[Task objective] Wherever the line with "Patriotic Pin Badge" sits in the listing below, transcribe from it up to and including the line with "ガラス板にポールを固定して四", exactly, and leave the remaining lines out.

[Available records]
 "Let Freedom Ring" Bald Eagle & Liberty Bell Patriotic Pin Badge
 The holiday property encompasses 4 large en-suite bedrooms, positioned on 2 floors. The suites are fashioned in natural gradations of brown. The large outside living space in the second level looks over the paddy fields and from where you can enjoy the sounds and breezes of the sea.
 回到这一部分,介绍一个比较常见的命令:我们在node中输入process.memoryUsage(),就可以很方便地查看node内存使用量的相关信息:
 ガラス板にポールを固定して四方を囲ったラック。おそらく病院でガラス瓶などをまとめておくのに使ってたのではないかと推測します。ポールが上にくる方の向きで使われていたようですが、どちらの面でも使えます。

==

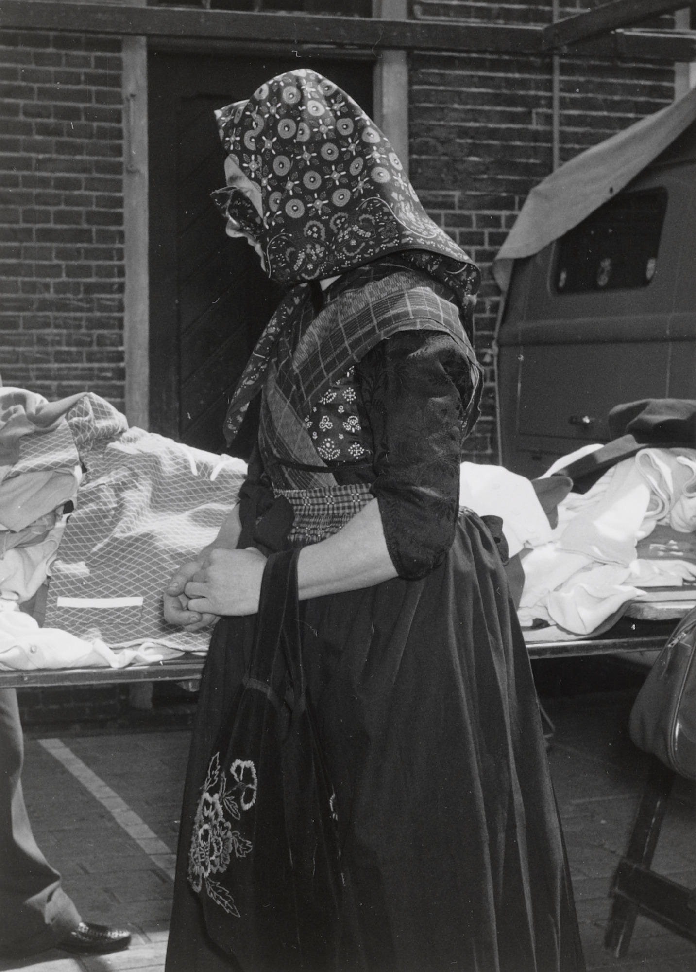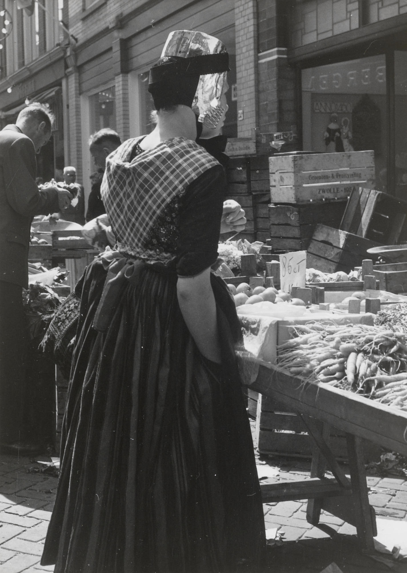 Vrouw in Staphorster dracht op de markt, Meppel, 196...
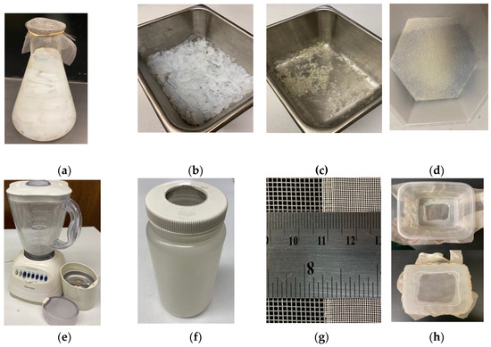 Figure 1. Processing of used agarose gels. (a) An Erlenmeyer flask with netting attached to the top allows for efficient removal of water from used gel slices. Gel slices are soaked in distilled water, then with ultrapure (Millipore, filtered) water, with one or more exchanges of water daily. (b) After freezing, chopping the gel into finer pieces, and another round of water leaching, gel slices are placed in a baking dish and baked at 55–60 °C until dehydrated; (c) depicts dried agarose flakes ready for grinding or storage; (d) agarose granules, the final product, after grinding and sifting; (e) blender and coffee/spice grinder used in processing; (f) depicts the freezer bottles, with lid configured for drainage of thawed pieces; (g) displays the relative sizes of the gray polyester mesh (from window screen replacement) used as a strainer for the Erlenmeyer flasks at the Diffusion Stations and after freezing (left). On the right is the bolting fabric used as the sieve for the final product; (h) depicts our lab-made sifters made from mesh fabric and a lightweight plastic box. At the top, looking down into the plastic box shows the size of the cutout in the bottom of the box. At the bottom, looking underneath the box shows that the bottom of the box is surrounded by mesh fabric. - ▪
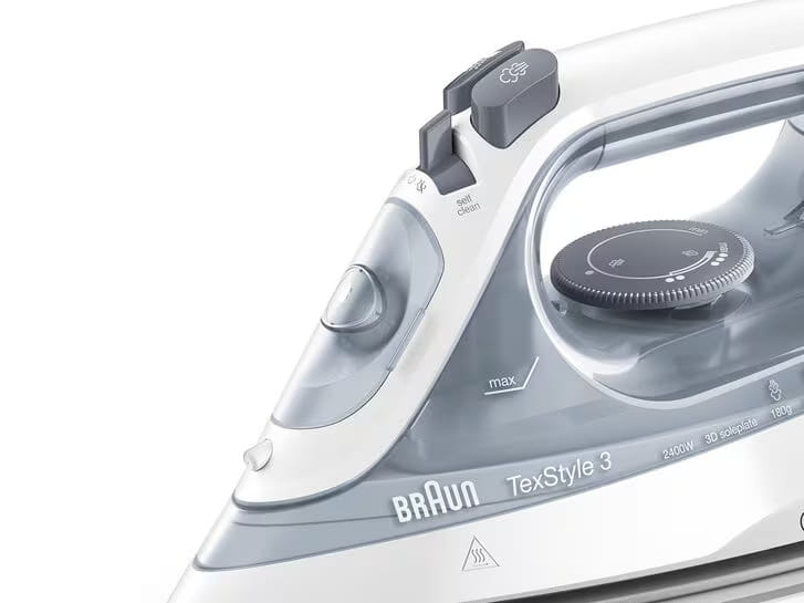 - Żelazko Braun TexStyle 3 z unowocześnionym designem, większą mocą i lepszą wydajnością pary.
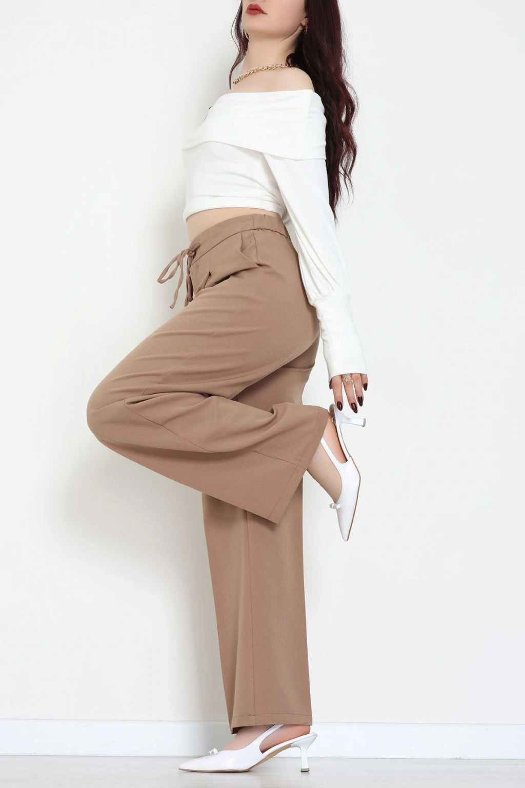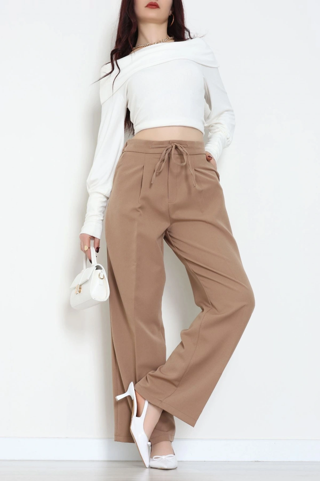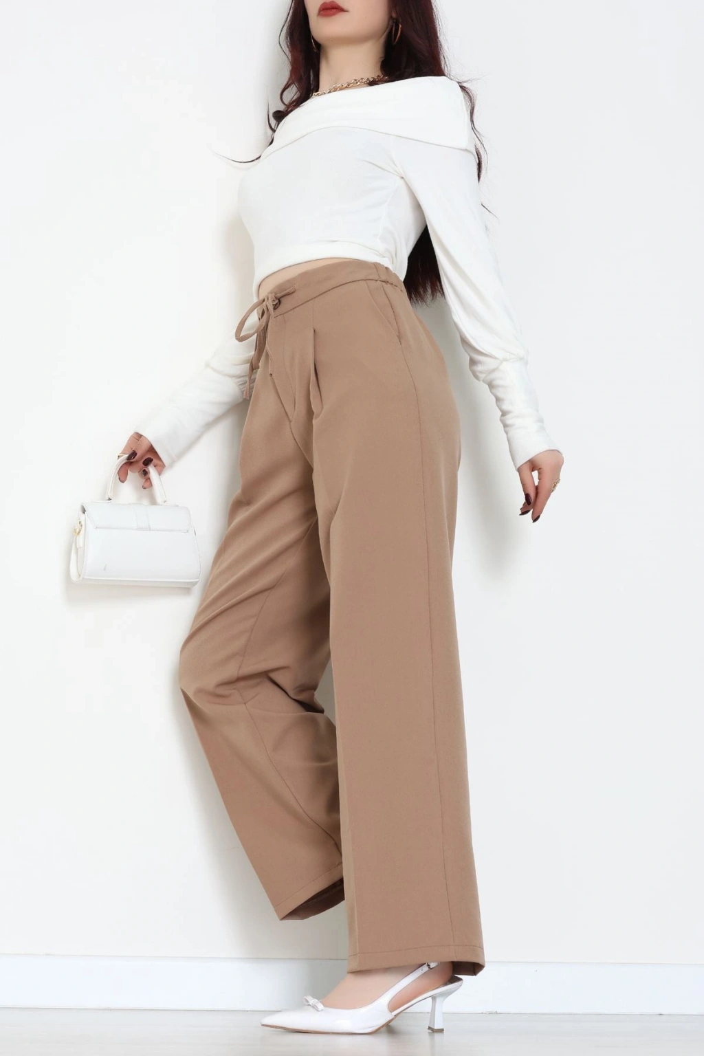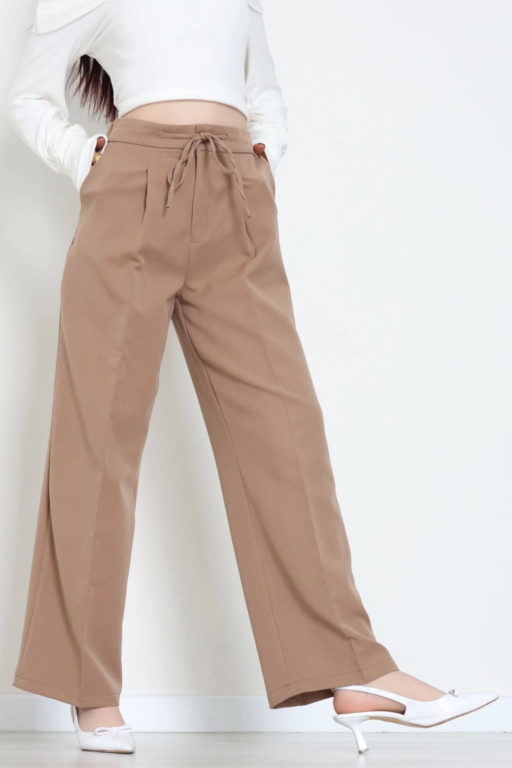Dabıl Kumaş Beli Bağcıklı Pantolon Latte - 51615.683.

[Solution to this exercise]
 "Let Freedom Ring" Bald Eagle & Liberty Bell Patriotic Pin Badge
 The holiday property encompasses 4 large en-suite bedrooms, positioned on 2 floors. The suites are fashioned in natural gradations of brown. The large outside living space in the second level looks over the paddy fields and from where you can enjoy the sounds and breezes of the sea.
 回到这一部分,介绍一个比较常见的命令:我们在node中输入process.memoryUsage(),就可以很方便地查看node内存使用量的相关信息:
 ガラス板にポールを固定して四方を囲ったラック。おそらく病院でガラス瓶などをまとめておくのに使ってたのではないかと推測します。ポールが上にくる方の向きで使われていたようですが、どちらの面でも使えます。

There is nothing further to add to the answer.